Forests around the world are losing the vertebrate animals that help to keep them alive, according to a new report by the World Wildlife Fund and the Zoological Society of London.
The authors of the report, titled “Below the Canopy,” looked at data for 268 species of reptiles, mammals, amphibians, and birds between the years of 1970 and 2014. They found that the average species declined by 53%, a sharp drop that could lead to extinction in the decades ahead.
Among the four groups of animals, birds fared the best, but still faced an overall decline.
The disappearance of vertebrate animals has consequences throughout ecosystems, and could ultimately undermine that health and stability of forests, according to the report.

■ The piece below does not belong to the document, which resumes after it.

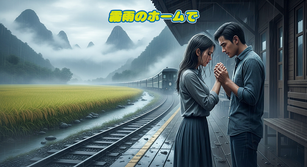 **「霧雨のホームで」**

“[Animals] perform pollination, seed dispersal, herbivory, and other crucial roles that affect natural regeneration and, importantly, carbon storage,” the report says. “Notably, in the vast forests of South America and Africa, the carbon locked in forests would decline if large birds and primates, in particular, were lost.”
“These animals ensure that the seeds of the most carbon-dense trees are dispersed and without them the less carbon-dense trees would dominate,” the report continues. “When animals are lost from forests these vital functions are lost with them, with severe implications for forest health, the climate, and more than a billion humans who depend on forests for their livelihoods.”
The report documents the factors driving the decline of vertebrate animals. Deforestation, caused largely by extractive industries, land clearance for agriculture, and wildfires, has significantly reduced the available habitat for animals, deprived them of food sources, and exposed them to health threats.
This May 8, 2018 photo released by the Brazilian Environmental and Renewable Natural Resources Institute (Ibama) shows an illegally deforested area on Pirititi indigenous lands as Ibama agents inspect Roraima state in Brazil's Amazon basin.
During wildfires, for example, animals can suffocate or burn to death, and their habitats get ruined.
Globally, the world lost 29 million acres of trees in 2018, the fourth highest amount lost in a year since the Global Forest Watch began monitoring worldwide tree coverage in 2001. More than 502,000 square miles worth of trees — larger than the size of South Africa — were destroyed between 1990 and 2006. An estimated 46% of all trees, meanwhile, have been cut down since humans began clearing forests.
After years of recovery, the Amazon rainforest is undergoing rampant deforestation. Since the election of President Jair Bolsonaro, deforestation has surged by 80% in the country.
Animals are also being harmed by climate change, invasive species, disease, and violence by humans.
When mining companies clear forests for passageways to transport minerals, they often come into deadly conflict with animals.
Climate change, meanwhile, is multifaceted in that it comprises so many threats — worsening droughts, increasing temperatures, intensifying storms, and rising sea levels.
A recent report found that 1 million animal and plant species could go extinct in the decades ahead because of climate change.
The WWF report looks at vertebrate species, but invertebrates are similarly plummeting around the world, primarily because pesticides and other chemicals are indiscriminately sprayed.
The authors call for urgent action to reverse this decline and ask world leaders to adopt a biodiversity framework in 2020 that protects forest and other animals.
“Forests are home to well over half the world’s land-based species and are one of our most important carbon sinks,” the report says. “If we are to reverse the decline in biodiversity worldwide and avoid dangerous climate change then we need to safeguard the species that live in forests and keep them healthy.”